Required action> Write the data out again exactly, with every picture removed.

Dataset extract>
╔══
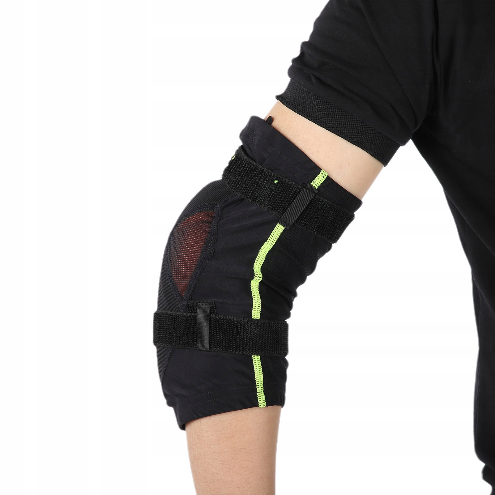 1, підходить для різноманітних видів спорту на відкритому повітрі, таких як їзда на велосипеді, лижах, роликових ковзанах, швидкісний спуск тощо. 2, основний матеріал виготовлено з високоеластичного волокна поліуретану в поєднанні з прохолодна сітчаста тканина, дихаюча смугаста тканина, легка, дихаюча та зручна в носінні. 3. Флуоресцентна зелена сітка нашита на класичну чорну основу, а тильна сторона і боки виготовлені з високогнучкого поліуретанового волокна, яке освітлює колір і значно збільшує гнучкість. 4. Як верхній, так і нижній ремені використовують високоефективний еластичний ремінь «два в одному» на липучці, який є ремінцем на липучці та еластичним ременем, з хорошою еластичністю, широким діапазоном регулювання, і обидва придатні. 5. Вибрано полімерний матеріал Memory PU, який є м’яким і міцним. Професійний наповнювач для засобів захисту. Було додано додатковий шар внутрішньої прокладки EVA товщиною 7 мм, а двошаровий захист і амортизація є безпечними та надійними.
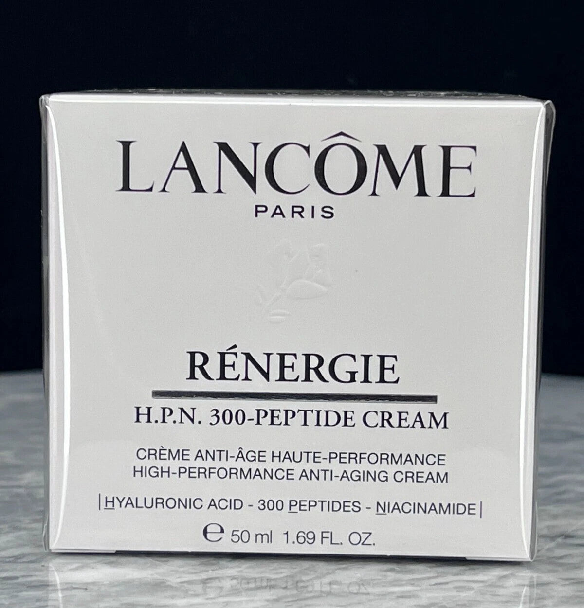 Lancôme Rénergie H.P.N. 300-Peptide Cream is a high-performance anti-aging face moisturizer designed to visibly firm, smooth, and rejuvenate the skin. Formulated with a powerful blend of hyaluronic acid, 300 peptides, and niacinamide, it helps reduce the appearance of wrinkles, improve skin elasticity, and enhance overall skin texture. The rich yet fast-absorbing cream delivers deep hydration while supporting skin renewal, leaving the complexion looking firmer, plumper, and more radiant with continued use.
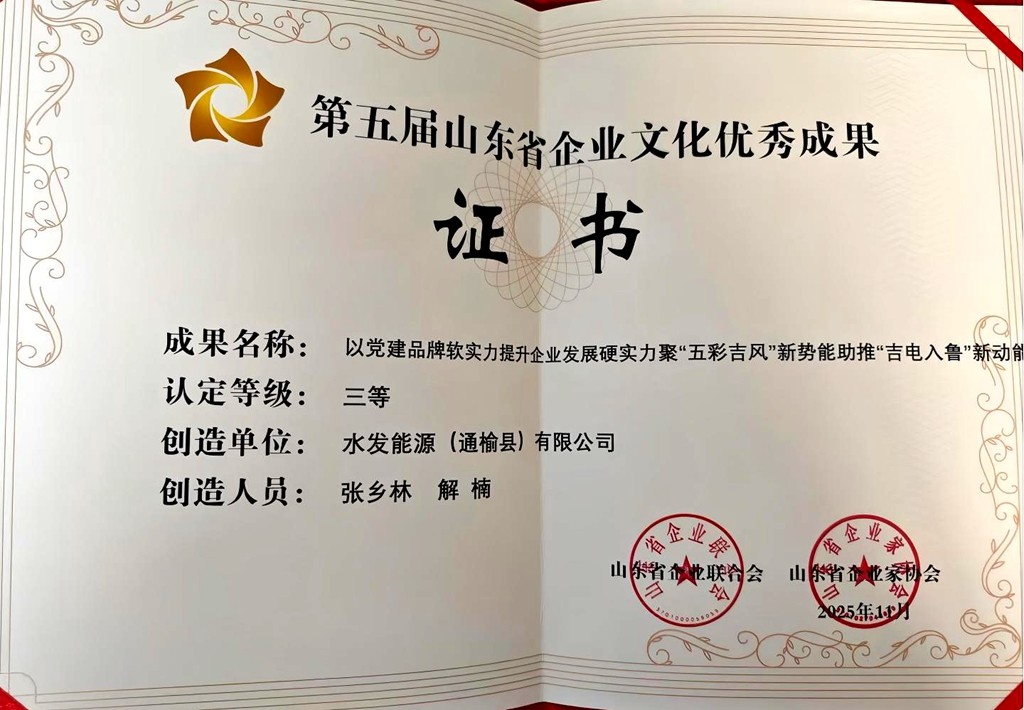 “五彩吉風(fēng)”黨建品牌榮獲第五屆山東省企業(yè)文化優(yōu)秀成果三等獎
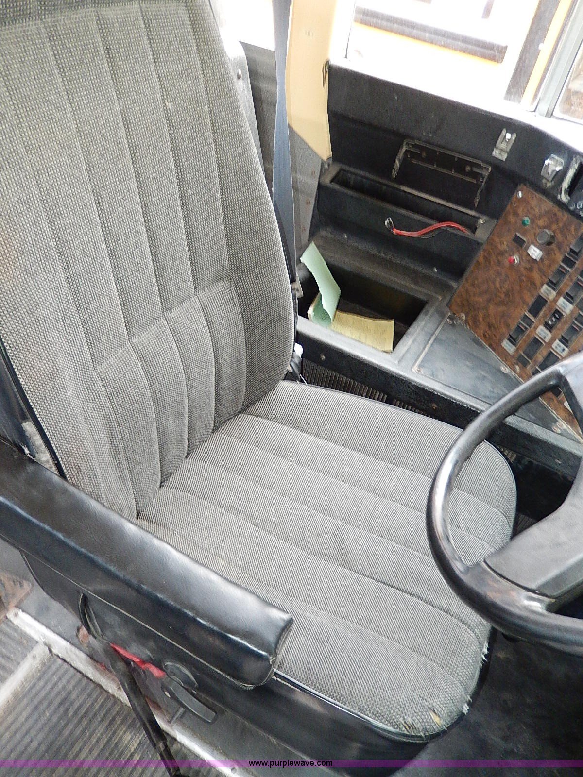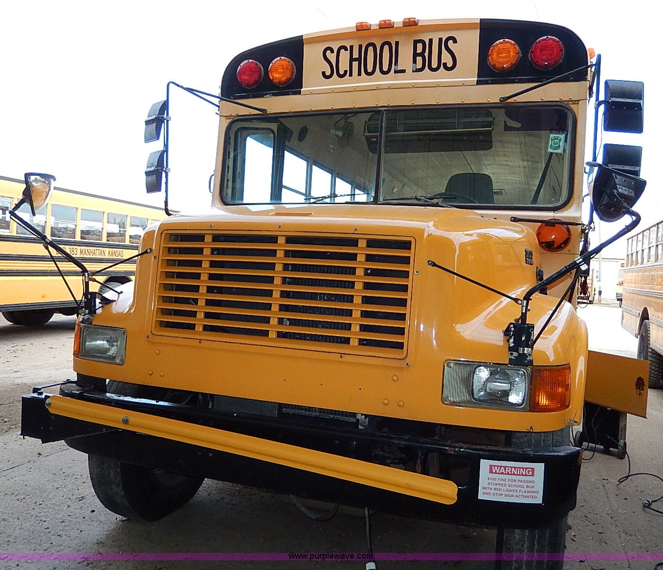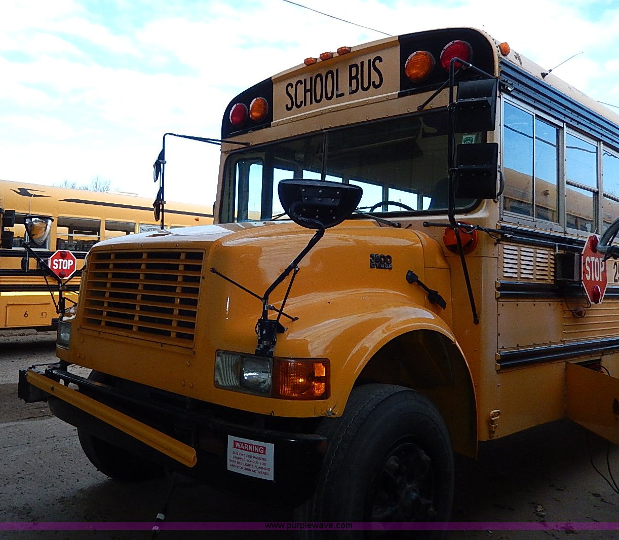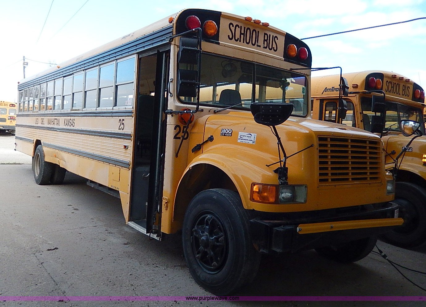 Purple Wave is selling a used Bus in Kansas. This item is a 1995 International 3800 school bus with the following: 161,057 miles on odometer, International DT466 7.6L L6 diesel engine, Automatic transmission, Heat, AM/FM, Manual windows and locks, Heated mirrors, Cloth driver's seat, Vinyl interior, 70 passenger capacity, Block heater, Front and rear tow hooks, 10R22.5 tires, GVWR 27,500 lbs, FAWR 10,000 lbs, RAWR 17,500 lbs, Recently replaced battery, Paint faded, Rust, Dents and scratches
╚══
Solved exercise>
 1, підходить для різноманітних видів спорту на відкритому повітрі, таких як їзда на велосипеді, лижах, роликових ковзанах, швидкісний спуск тощо. 2, основний матеріал виготовлено з високоеластичного волокна поліуретану в поєднанні з прохолодна сітчаста тканина, дихаюча смугаста тканина, легка, дихаюча та зручна в носінні. 3. Флуоресцентна зелена сітка нашита на класичну чорну основу, а тильна сторона і боки виготовлені з високогнучкого поліуретанового волокна, яке освітлює колір і значно збільшує гнучкість. 4. Як верхній, так і нижній ремені використовують високоефективний еластичний ремінь «два в одному» на липучці, який є ремінцем на липучці та еластичним ременем, з хорошою еластичністю, широким діапазоном регулювання, і обидва придатні. 5. Вибрано полімерний матеріал Memory PU, який є м’яким і міцним. Професійний наповнювач для засобів захисту. Було додано додатковий шар внутрішньої прокладки EVA товщиною 7 мм, а двошаровий захист і амортизація є безпечними та надійними.
 Lancôme Rénergie H.P.N. 300-Peptide Cream is a high-performance anti-aging face moisturizer designed to visibly firm, smooth, and rejuvenate the skin. Formulated with a powerful blend of hyaluronic acid, 300 peptides, and niacinamide, it helps reduce the appearance of wrinkles, improve skin elasticity, and enhance overall skin texture. The rich yet fast-absorbing cream delivers deep hydration while supporting skin renewal, leaving the complexion looking firmer, plumper, and more radiant with continued use.
 “五彩吉風(fēng)”黨建品牌榮獲第五屆山東省企業(yè)文化優(yōu)秀成果三等獎
 Purple Wave is selling a used Bus in Kansas. This item is a 1995 International 3800 school bus with the following: 161,057 miles on odometer, International DT466 7.6L L6 diesel engine, Automatic transmission, Heat, AM/FM, Manual windows and locks, Heated mirrors, Cloth driver's seat, Vinyl interior, 70 passenger capacity, Block heater, Front and rear tow hooks, 10R22.5 tires, GVWR 27,500 lbs, FAWR 10,000 lbs, RAWR 17,500 lbs, Recently replaced battery, Paint faded, Rust, Dents and scratches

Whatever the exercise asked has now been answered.